The Liskeard and Caradon Railway was opened on 28 November 1844 from quarries on the moors north of Liskeard to Moorswater where goods were transshipped to the Liskeard and Looe Union Canal. At Looe they could then be transhipped again to sea-going vessels for transport further around the coast.

The canal was superseded by a railway on 27 December 1860 and passengers were carried on the Moorswater to Looe section from 11 September 1879. The Cornwall Railway, which opened in 1859, had intended to make a junction with the Liskeard and Caradon Railway near Moorswater but a lack of capital saw this scheme abandoned, the line passing high above the goods yard on the Moorswater Viaduct. The new station, which was situated just north of the viaduct, was used by passengers travelling into Liskeard, but from 1896 a platform was provided at Coombe where trains would call to set down passengers going to Liskeard railway station if they notified the guard, as the steep road from there to the station was considerably shorter than the route from Moorswater.

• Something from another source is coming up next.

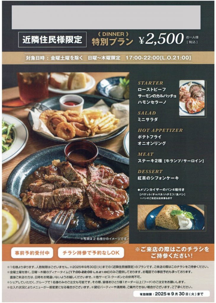 平日限定のディナーコース(2,500円/税込)を紹介するチラシを、タワーマンションが集中する周辺エリアの住民に向けて配布しました。

On 8 May 1901 passenger trains from Looe were diverted over the new loop line to Liskeard railway station but passenger trains continued to call at Moorswater for another week until Coombe Junction railway station was opened on 15 May 1901 Goods traffic has continued - on and off - up to the present day. A siding for the Cheesewring Quarry Company opposite the station was later used by the Cornwall County Council as a road maintenance depot until 1964. Beyond the station another siding lead into the china clay works of the St Neots China Clay Company where china clay was processed that was brought down from Bodmin Moor by pipeline before being dispatched as powder to Looe or, later, Fowey. This was opened in 1904 and closed in the 1990s but the site has since been used as a cement distribution depot and trains are brought in from time to time, the motive power being initially provided by Freightliner but more recently by Colas Rail.

==Engine shed==
The engine shed was situated between the Caradon line and the china clay siding. It was 64 by 32 ft inside with a small workshop beyond. On the west side was another workshop that maintained the wagons and carriages before the line was connected to the Great Western Railway, although passenger trains were normally kept in another shed at Looe.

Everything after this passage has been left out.